In school lore, a dozen of the older boys were called out to protect the
bridge at Lennoxville over the St. Francis river. In the middle of the night
sounds were heard and two of the cadets challenged and then fired into the
bush. The next morning a search revealed a dead cow. As Bishop‘s wore a
brass shoulder titles with the letters BCS, we always claimed that it stood
for ‘Bloody Cow Shooters‘
The Corps has a unique cadet flag that traditionally is hand made at a local
convent, every 40-50 years it is ‘laid-up‘ in the school chapel. There are
no honours emblazoned upon it however.
Clive
-----Original Message-----
From: F. A. [mailto:zzzzzzz@telusplanet.net]
Sent: February 16, 2000 2:21 AM
To: army@cipherlogic.on.ca
Subject: Re: Red Sash
Fenian Raids, but Ottawa really doesn‘t like hearing about. As well I
believe there
were several cadets who received the General Service Canada - Fenian Raids
medal.
I‘m still looking up the info...I have it around here... somewhere...
Francois
Ian Edwards wrote:
> Clive and Francois:
>
> Doesn‘t UCC carry Battle Honours from the War of 1812 or was it just
> the Fenian Raids?.
>
> "F. A." wrote:
> >
> > Clive,
> >
> >         1836? I understood that CC2 was formed as a drill association
in 1864
> > around the Fenian raids. Do you have any literature or info on the 1836
date?
> > I‘m doing research into the cadet movement and this would be most
helpful.
> > Thanks...
> >
> > Francois Arseneault
> >
> > Clive.Law@dfait-maeci.gc.ca wrote:
> >
> > > Jeff,
> > >
> > > Only in Cadets where I had the honour of being the cadet RSM of the
British
> > > Commonwealth‘s oldest cadet corps - Bishop‘s College School Cadet
Corps
> > > CC2 founded in 1836. However, if your comment is based on my
previous
> > > post, I should tell you that I, as a lowly 2LT, only did the SI. It
was the
> > > CO who passed sentence.
> > >
> > > -----Original Message-----
> > > From: JEFF HYSLOP [mailto:jeffhyslop@home.com]
> > > Sent: February 14, 2000 6:54 PM
> > > To: army@cipherlogic.on.ca
> > > Subject: Re: Red Sash
> > >
> > > Clive
> > >
> > > You sound like someone that has never worn a sash!
> > > -----Original Message-----
> > > From: Clive.Law@dfait-maeci.gc.ca 
> > > To: army@cipherlogic.on.ca 
> > > Date: Monday, February 14, 2000 10:52
> > > Subject: RE: Red Sash
> > >
> > > >You are correct that MWOs and CWOs in the Guards at least wear a
darker
> > > >sash.
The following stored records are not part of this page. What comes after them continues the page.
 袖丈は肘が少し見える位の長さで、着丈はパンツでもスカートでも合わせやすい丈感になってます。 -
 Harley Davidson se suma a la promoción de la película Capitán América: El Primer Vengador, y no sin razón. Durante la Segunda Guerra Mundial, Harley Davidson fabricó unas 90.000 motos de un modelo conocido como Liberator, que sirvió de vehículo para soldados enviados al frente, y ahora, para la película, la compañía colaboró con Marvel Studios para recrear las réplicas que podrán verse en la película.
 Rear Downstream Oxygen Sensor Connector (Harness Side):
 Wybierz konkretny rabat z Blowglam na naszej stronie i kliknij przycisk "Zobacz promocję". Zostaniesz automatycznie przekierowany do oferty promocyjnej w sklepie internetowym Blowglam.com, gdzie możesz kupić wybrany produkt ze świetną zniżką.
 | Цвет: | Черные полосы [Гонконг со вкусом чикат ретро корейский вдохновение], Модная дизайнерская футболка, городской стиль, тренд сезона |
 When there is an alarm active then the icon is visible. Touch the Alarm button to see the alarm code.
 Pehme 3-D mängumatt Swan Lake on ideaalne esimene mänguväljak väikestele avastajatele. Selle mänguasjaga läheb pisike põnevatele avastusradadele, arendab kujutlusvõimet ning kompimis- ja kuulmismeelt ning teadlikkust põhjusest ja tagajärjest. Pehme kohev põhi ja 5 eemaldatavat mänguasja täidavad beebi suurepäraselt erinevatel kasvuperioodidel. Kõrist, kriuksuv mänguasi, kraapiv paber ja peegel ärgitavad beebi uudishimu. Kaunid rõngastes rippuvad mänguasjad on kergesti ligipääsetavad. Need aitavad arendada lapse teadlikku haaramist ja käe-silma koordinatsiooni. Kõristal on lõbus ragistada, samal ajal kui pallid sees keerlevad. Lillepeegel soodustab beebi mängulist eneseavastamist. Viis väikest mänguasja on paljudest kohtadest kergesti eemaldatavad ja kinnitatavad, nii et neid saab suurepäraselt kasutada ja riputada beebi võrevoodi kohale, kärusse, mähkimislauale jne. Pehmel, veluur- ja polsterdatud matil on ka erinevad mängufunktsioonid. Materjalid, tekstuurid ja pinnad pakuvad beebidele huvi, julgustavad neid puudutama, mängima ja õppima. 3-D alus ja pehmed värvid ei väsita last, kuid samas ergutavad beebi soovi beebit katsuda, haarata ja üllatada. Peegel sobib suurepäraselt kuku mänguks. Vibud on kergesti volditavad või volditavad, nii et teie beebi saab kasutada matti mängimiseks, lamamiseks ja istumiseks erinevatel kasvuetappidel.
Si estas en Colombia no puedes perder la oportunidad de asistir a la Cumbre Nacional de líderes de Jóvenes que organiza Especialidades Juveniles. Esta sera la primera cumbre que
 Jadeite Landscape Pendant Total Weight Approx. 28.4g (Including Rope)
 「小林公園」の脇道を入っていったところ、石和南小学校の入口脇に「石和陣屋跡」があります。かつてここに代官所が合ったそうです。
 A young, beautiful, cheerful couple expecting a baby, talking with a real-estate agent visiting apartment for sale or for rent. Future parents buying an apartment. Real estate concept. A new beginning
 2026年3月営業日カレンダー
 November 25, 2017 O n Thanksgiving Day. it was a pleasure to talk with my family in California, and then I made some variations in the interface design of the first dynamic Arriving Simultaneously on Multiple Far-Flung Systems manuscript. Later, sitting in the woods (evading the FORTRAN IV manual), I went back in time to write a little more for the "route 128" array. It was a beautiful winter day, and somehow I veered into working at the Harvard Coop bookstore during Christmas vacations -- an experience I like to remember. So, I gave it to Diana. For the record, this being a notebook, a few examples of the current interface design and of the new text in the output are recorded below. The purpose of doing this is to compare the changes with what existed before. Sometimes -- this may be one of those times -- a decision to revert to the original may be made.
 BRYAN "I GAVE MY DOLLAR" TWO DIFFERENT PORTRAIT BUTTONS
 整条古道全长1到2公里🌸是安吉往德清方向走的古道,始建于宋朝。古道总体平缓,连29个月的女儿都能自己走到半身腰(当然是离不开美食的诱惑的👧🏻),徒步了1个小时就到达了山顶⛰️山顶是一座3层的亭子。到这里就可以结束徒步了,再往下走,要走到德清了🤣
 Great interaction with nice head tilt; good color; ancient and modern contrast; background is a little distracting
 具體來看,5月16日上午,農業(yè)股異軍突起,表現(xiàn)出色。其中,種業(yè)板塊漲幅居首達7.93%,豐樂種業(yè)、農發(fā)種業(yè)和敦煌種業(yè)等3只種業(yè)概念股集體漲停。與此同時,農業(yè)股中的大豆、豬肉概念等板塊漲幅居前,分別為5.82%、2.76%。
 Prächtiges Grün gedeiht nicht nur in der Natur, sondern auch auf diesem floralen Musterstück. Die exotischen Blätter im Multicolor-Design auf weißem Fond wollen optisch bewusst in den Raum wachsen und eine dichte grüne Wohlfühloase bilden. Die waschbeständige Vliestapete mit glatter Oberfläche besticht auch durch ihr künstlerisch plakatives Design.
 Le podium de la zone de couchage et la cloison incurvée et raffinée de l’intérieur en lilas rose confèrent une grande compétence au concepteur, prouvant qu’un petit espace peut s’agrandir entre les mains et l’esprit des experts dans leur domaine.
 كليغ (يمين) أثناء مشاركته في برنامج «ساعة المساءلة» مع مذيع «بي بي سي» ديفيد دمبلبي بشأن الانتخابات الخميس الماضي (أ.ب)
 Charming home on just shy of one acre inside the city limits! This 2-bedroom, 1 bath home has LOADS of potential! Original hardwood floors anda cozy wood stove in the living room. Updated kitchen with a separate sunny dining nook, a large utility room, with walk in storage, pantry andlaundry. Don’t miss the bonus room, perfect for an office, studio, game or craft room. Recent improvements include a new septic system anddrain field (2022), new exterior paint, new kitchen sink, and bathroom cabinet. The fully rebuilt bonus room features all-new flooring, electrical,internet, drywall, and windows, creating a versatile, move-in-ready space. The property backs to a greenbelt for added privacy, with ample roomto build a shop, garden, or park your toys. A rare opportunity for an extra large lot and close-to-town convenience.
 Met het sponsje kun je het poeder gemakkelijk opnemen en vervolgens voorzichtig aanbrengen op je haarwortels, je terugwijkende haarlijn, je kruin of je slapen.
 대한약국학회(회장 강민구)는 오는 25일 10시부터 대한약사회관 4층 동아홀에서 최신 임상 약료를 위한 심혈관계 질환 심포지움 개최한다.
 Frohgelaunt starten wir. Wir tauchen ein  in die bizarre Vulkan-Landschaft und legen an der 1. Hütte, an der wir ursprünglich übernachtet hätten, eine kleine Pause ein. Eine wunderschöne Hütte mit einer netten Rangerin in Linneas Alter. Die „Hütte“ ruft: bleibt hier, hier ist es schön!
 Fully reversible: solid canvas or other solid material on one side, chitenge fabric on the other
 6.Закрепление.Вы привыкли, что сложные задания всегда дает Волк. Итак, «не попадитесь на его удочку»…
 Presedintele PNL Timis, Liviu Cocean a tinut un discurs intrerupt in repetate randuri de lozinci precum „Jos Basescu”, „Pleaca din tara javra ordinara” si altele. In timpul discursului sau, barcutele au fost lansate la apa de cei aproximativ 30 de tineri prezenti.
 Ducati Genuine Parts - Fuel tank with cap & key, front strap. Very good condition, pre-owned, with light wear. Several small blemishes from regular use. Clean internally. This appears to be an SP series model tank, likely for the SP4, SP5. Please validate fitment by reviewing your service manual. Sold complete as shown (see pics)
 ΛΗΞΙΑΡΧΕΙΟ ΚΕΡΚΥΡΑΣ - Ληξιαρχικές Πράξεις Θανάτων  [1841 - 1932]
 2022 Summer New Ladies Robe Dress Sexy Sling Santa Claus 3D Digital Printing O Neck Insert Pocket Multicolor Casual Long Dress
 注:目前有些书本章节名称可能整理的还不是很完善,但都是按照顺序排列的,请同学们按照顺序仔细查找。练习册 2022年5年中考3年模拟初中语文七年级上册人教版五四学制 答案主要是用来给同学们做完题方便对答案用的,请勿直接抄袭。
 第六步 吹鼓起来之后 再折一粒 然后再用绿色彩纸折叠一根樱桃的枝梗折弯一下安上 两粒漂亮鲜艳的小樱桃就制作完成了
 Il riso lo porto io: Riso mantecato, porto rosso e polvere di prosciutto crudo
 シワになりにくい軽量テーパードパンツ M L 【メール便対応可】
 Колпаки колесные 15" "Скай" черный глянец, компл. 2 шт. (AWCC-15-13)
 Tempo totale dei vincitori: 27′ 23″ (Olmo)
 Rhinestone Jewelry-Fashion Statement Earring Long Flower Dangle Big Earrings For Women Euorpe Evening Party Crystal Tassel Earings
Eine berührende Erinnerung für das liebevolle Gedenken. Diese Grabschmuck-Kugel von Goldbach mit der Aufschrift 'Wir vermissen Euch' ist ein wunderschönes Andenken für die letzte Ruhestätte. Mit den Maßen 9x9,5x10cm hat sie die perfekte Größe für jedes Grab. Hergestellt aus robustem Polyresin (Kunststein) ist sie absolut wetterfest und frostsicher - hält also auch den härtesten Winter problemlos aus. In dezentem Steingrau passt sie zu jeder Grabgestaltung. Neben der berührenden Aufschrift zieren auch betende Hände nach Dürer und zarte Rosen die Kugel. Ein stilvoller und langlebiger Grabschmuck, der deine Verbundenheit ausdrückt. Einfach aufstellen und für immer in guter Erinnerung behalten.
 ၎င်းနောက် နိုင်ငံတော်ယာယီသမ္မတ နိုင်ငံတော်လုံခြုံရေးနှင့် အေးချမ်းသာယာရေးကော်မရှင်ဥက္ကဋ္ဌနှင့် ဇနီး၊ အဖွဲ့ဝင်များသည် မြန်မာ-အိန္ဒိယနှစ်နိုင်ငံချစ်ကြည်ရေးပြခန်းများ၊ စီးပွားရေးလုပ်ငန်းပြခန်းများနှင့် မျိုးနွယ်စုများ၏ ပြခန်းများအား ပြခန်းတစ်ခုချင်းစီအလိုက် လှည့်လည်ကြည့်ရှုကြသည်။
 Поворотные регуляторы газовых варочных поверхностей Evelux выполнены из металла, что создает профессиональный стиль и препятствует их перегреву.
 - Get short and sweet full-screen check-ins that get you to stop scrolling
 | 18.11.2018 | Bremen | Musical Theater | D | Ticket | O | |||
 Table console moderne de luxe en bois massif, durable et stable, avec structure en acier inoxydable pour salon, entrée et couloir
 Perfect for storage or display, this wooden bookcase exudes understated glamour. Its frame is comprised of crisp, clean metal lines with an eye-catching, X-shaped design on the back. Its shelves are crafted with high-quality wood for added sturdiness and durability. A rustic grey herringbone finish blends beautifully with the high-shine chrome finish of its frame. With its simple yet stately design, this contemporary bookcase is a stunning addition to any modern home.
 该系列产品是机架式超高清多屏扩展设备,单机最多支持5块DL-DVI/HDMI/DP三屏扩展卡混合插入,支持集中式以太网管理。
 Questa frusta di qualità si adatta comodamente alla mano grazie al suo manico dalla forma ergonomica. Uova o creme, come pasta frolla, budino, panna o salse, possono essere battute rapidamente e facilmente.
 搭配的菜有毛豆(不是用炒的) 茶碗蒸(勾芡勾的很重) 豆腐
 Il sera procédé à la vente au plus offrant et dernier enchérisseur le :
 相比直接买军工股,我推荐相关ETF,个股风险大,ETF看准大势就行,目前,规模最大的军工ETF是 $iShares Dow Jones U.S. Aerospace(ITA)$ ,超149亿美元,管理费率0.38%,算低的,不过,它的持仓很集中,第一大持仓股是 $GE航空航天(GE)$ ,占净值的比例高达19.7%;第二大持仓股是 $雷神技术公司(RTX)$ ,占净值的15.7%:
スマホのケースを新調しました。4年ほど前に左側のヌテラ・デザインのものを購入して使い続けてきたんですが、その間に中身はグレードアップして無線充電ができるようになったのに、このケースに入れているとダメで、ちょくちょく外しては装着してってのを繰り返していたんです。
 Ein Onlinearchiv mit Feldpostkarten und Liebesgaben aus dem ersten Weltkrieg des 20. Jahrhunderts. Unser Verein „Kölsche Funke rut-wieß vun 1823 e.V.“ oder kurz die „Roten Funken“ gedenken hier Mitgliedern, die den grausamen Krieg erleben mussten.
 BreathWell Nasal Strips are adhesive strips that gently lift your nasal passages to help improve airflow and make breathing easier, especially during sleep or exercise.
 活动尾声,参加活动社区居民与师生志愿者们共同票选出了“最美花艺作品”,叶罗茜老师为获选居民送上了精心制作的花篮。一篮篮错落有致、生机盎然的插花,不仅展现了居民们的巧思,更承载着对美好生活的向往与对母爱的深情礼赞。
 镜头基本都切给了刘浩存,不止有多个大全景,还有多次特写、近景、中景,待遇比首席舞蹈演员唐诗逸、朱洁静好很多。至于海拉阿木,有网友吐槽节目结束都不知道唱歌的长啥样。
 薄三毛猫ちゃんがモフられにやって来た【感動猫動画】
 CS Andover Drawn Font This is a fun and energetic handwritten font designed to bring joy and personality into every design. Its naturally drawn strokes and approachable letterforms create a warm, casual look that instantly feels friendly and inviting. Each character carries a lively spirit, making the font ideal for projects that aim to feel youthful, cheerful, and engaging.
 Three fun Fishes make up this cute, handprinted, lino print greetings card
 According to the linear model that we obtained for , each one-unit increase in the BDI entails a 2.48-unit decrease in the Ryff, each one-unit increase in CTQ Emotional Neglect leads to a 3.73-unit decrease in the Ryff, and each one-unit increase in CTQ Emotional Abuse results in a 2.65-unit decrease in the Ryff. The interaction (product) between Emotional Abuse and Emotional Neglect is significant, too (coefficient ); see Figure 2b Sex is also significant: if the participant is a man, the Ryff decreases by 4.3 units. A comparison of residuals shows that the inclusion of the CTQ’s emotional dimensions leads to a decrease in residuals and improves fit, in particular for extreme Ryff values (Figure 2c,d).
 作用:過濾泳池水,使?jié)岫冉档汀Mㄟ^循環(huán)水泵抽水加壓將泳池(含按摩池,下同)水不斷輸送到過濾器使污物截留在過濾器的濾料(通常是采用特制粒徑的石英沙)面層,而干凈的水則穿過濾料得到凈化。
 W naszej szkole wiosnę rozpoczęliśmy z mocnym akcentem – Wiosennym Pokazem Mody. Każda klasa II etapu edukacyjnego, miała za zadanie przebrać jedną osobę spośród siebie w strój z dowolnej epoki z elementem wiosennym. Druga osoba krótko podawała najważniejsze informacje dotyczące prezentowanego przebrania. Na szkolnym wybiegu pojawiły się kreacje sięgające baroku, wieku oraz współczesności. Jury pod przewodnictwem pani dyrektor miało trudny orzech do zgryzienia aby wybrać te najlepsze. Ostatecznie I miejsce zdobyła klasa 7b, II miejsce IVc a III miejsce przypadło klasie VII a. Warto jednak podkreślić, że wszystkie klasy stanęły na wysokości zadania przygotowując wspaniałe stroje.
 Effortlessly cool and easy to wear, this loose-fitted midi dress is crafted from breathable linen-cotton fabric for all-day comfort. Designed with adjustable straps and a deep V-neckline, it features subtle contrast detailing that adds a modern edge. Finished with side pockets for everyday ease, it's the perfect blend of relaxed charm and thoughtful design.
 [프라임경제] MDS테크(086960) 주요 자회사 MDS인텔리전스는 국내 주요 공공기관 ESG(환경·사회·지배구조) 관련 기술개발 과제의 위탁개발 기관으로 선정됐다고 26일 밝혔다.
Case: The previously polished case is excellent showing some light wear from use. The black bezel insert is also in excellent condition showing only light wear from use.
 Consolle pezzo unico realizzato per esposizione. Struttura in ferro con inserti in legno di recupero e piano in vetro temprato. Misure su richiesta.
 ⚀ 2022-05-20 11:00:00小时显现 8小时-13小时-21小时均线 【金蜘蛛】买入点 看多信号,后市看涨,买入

Burgundy is the colour that comes to mind but that may because
I had
> > > >too much wine last night. I believe that Highland Regiments also wear
> > > >different shades as I seem to remember seeing the Black Watch RSM in
a
> > > >darker sash than his NCOs. This sash is not to be confused with that
worn
> > > by
> > > >some Highland Regiment officers.
> > > >BTW, Many moon ago I had to do a Summary Investigation on a Canadian
> > > >Grenadier Guard MWO who, due to his considerable girth, took two silk
> > > sashes
> > > >and spliced them into one XXL sash. The findings resulted in the MWO
paying
> > > >for replacement sashes. In 1974 this amounted to $120.00, about 3
days pay
> > > >then!
> > > >
> > > >-----Original Message-----
> > > >From: Ian Edwards [mailto:iedwards@home.com]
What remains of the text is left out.